Source data
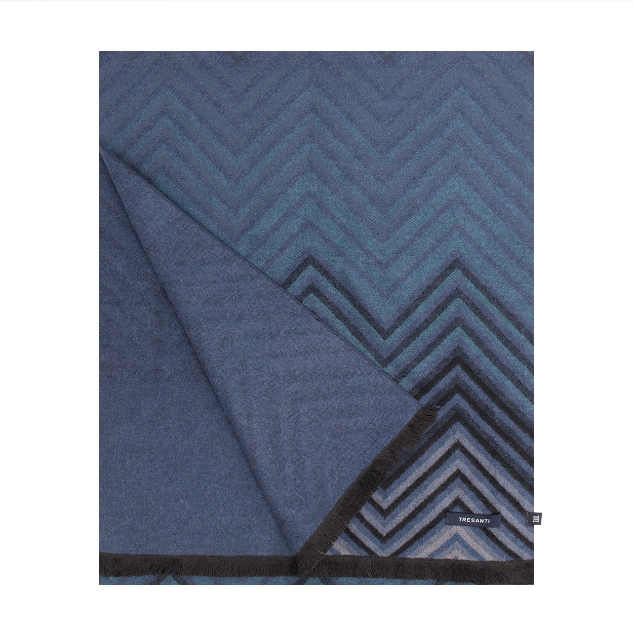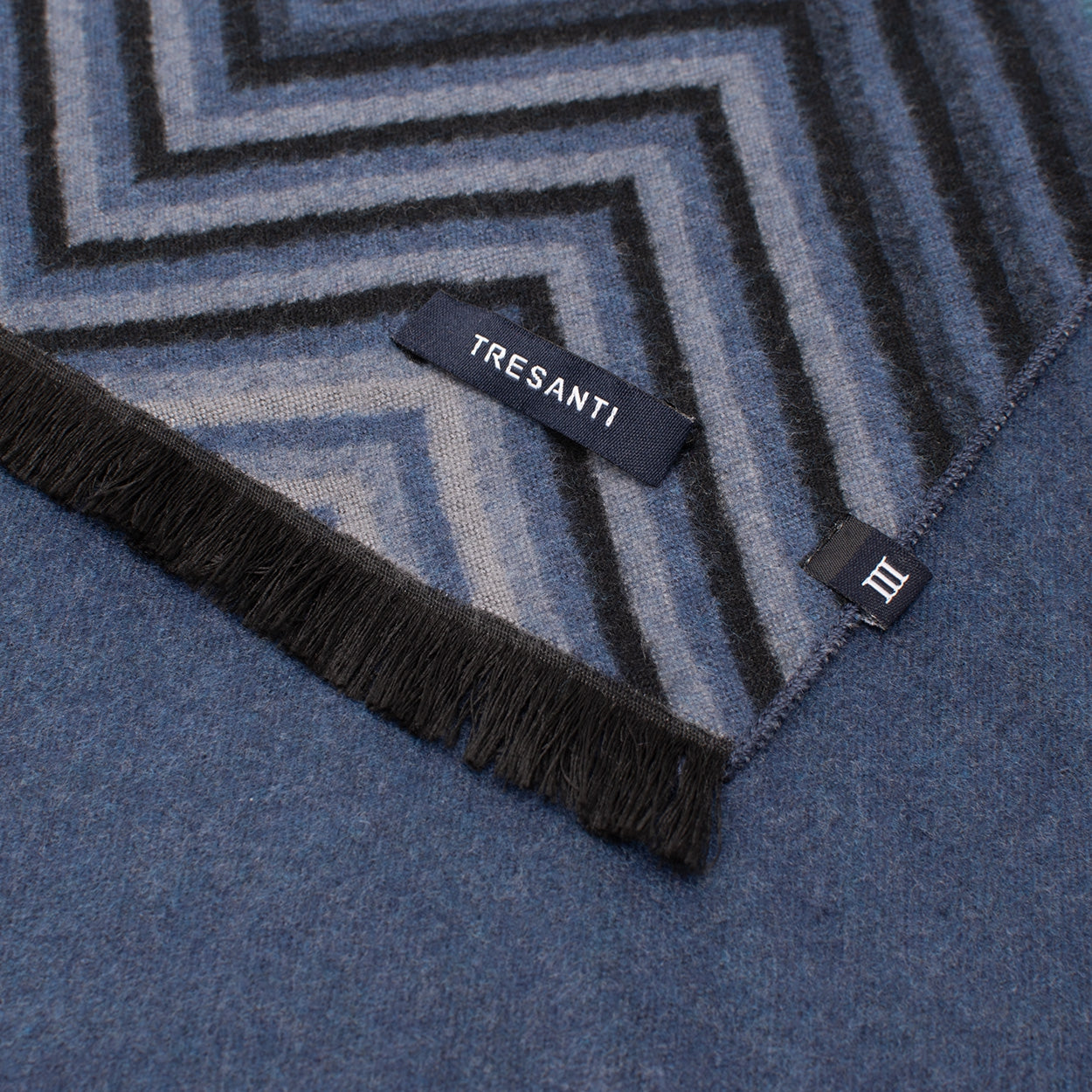 The DEMOCRITO scarf has a faded herringbone pattern. The TRESANTI scarf provides warmth and comfort for cold days. DEMOCRITO is available in multi brown and blue.
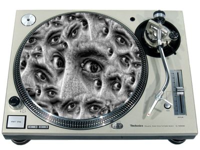 High quality felt turntable slipmat imprinted with an image of Eyes 1. The mat is regular thickness (3/32" or 2mm) and is sized to fit any 12 inch turntable. It is anti static, has a glazed bottom to grip and avoid slippage, feels great and works well for scratching or just playing your records. The image is impregnated into the surface of the mat, so it cannot scratch off or damage the record.
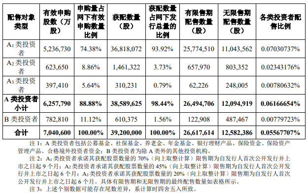 根据《发行安排及初步询价公告》中公布的网下配售原则,发行人和保荐人(主承销商)对网下发行股份进行了初步配售,结果如下:
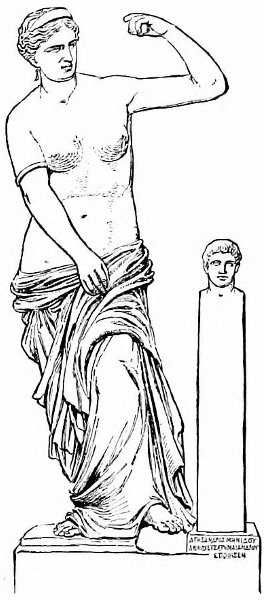 In the year 1820, before the struggle between the Hellenic population of the Turkish empire and the Porte had begun, and when all that attracted the notice of the civilized world to modern Greece was the little preserved to us of her art,—occasionally and fragmentarily found in the ruins of her great communities,—a peasant of Melos whose name was Theodore Kondros Botoni, working in his field to enlarge it by clearing away the débris of the walls and structures of ancient Melos (which had been built on a steep hill-side, on a series of terraces, more or less natural or artificial, so that the ruins of one terrace fell down upon and encumbered that below it), saw, to his great bewilderment, the heap of rubbish which he was digging away at the bottom suddenly crumble down and display the upper part of an antique statue. The peasant hastened to the French consul to inform him of the discovery, and the latter negotiated the purchase of it for five hundred piastres and a complete dress of the fashion of the country. This was the statue known as the Venus of Melos.
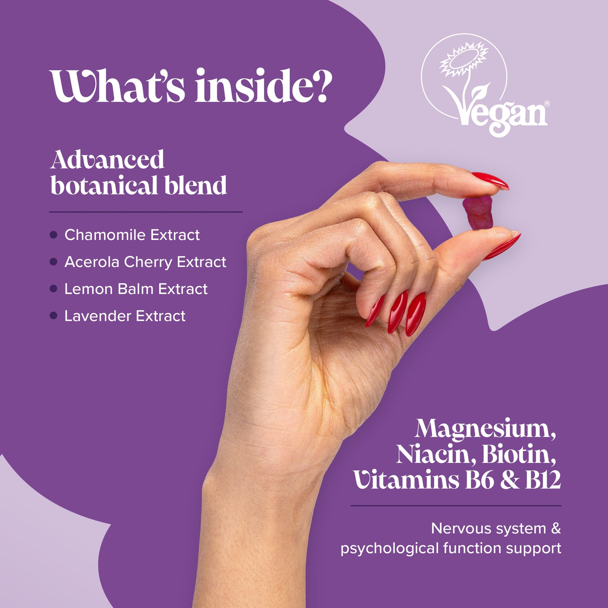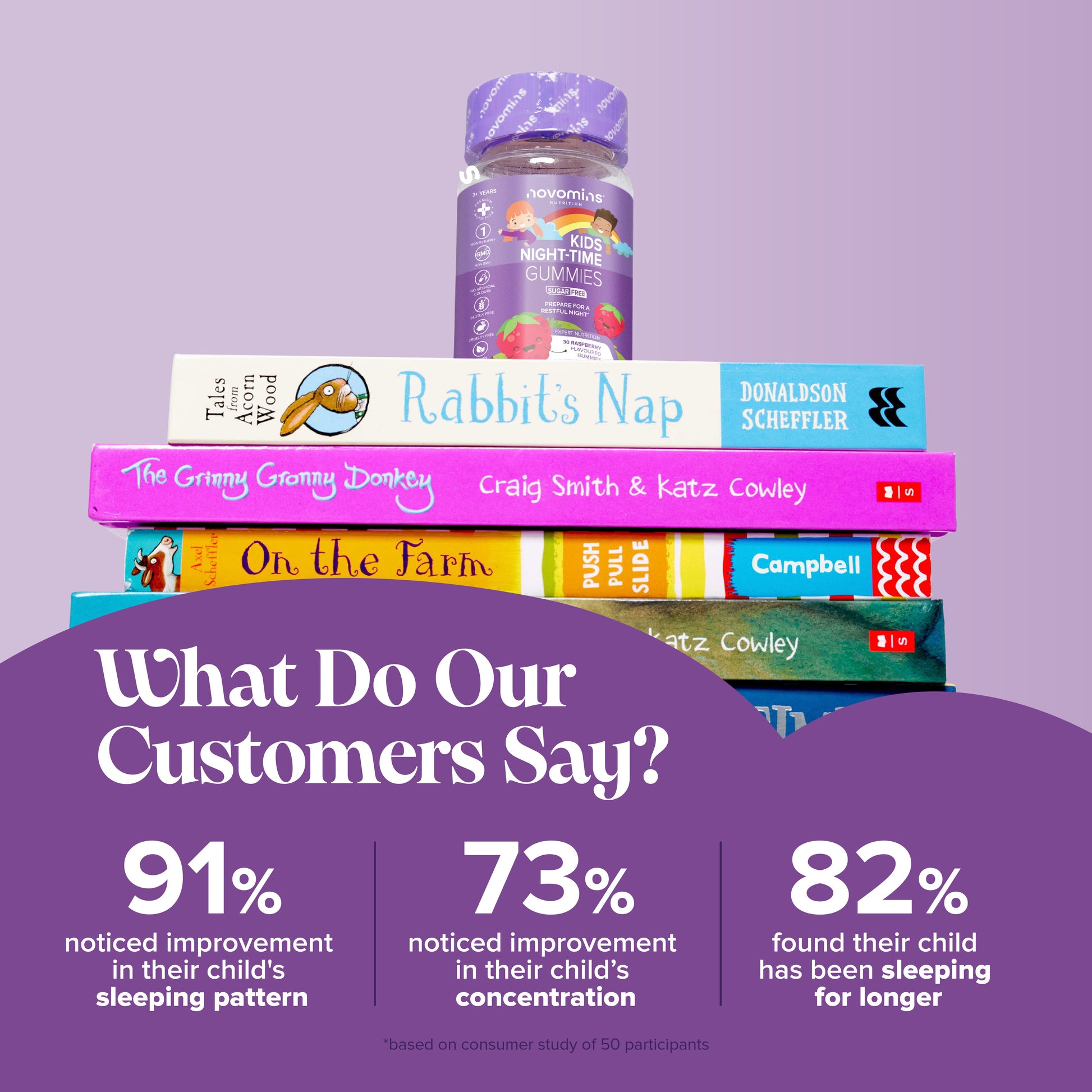 The ultimate mum hack to resolve bedtime battles, our sleep gummies for kids are uniquely formulated with 11 sleep-enhancing ingredients such as lavender extract, magnesium, L-theanine, vitamin B12 and more to help your child relax, reduce fatigue and support a healthy sleep cycle.
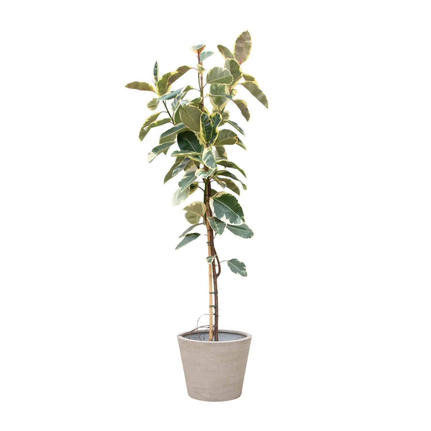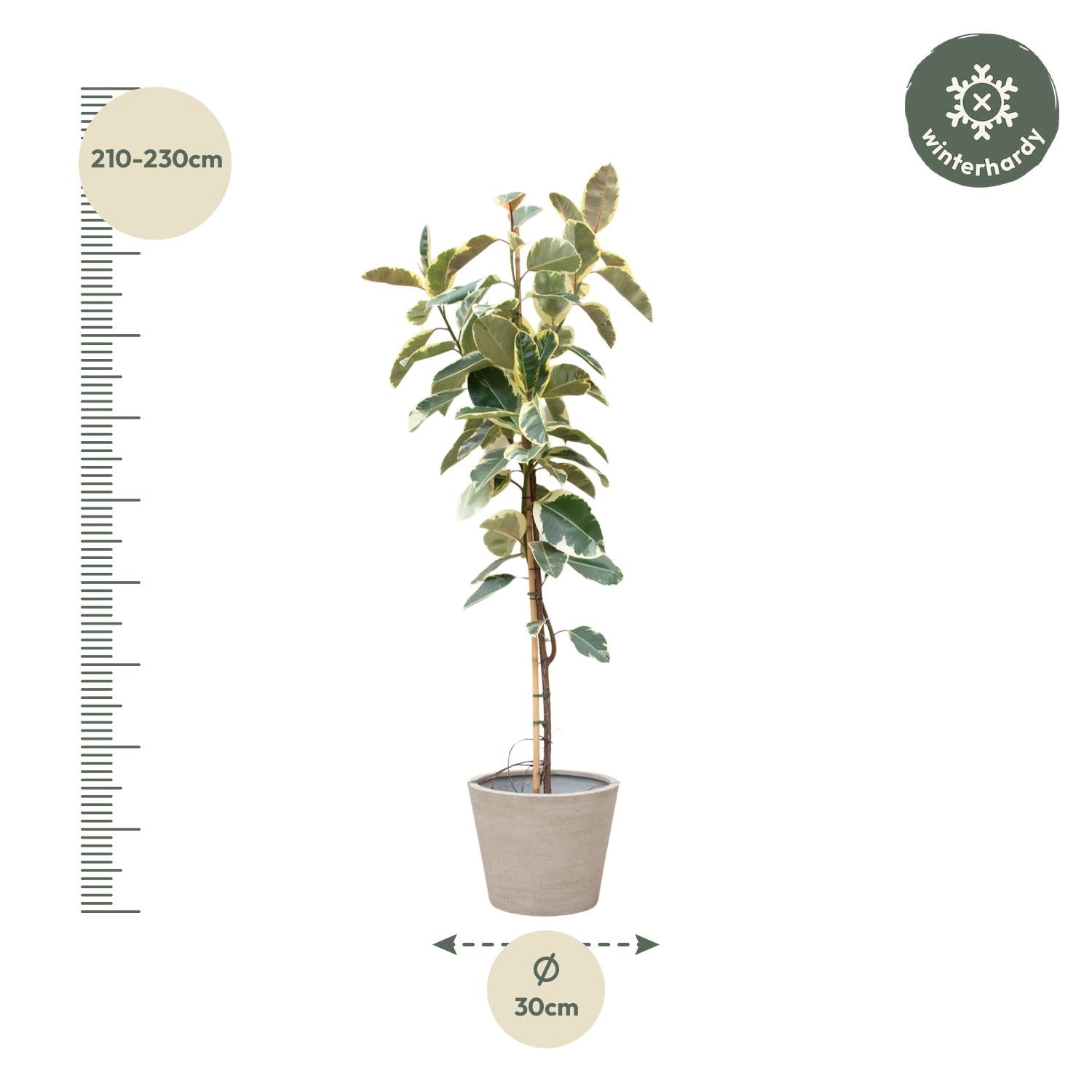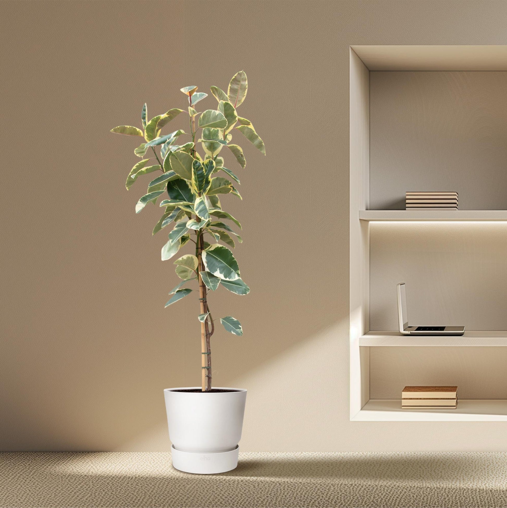 - Aussehen der Pflanze: Die Ficus Tineke auf Stamm hat auffällige, hellgrüne Blätter mit cremefarbenen Rändern und gelegentlich einem Hauch von Rosa. Der Stamm verleiht ihr eine elegante, baumartige Form, ideal als dekorativer Blickfang für den Innenbereich.
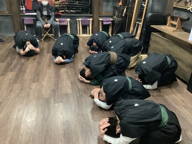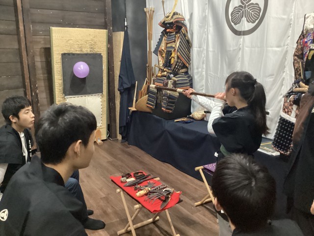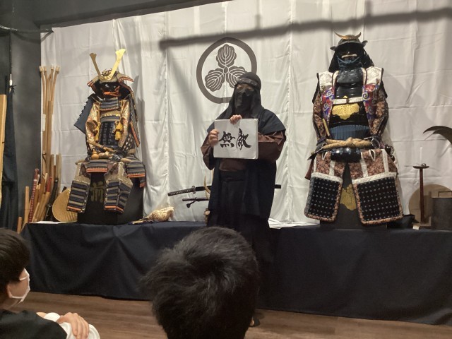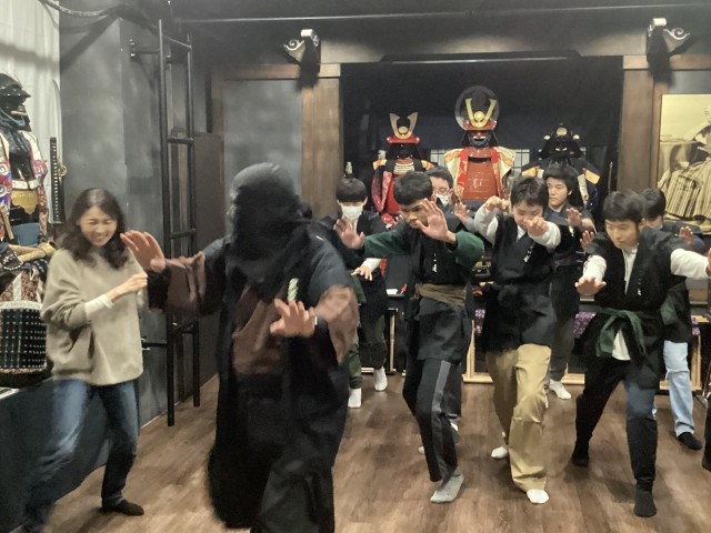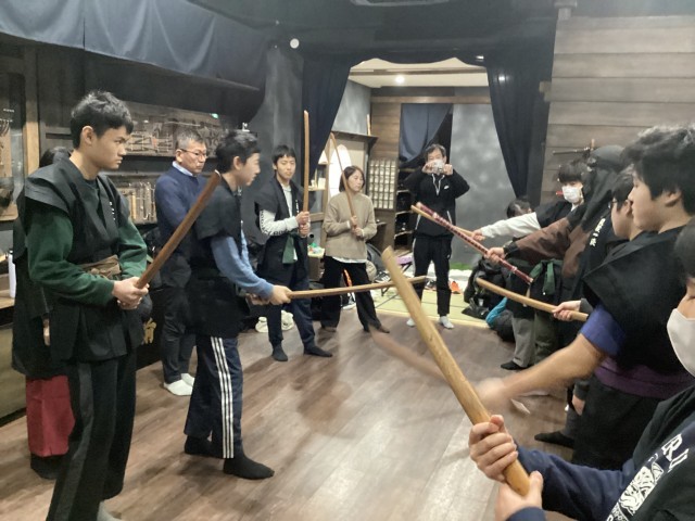 忍者について学び、その後は手裏剣や木刀を使った体験などを行いました。

Requirement
Your answer must be the lines from the line containing "- Aussehen der" through the final line of the data, written out exactly, both ends included and pictures left out.

Solution to this task
 - Aussehen der Pflanze: Die Ficus Tineke auf Stamm hat auffällige, hellgrüne Blätter mit cremefarbenen Rändern und gelegentlich einem Hauch von Rosa. Der Stamm verleiht ihr eine elegante, baumartige Form, ideal als dekorativer Blickfang für den Innenbereich.
 忍者について学び、その後は手裏剣や木刀を使った体験などを行いました。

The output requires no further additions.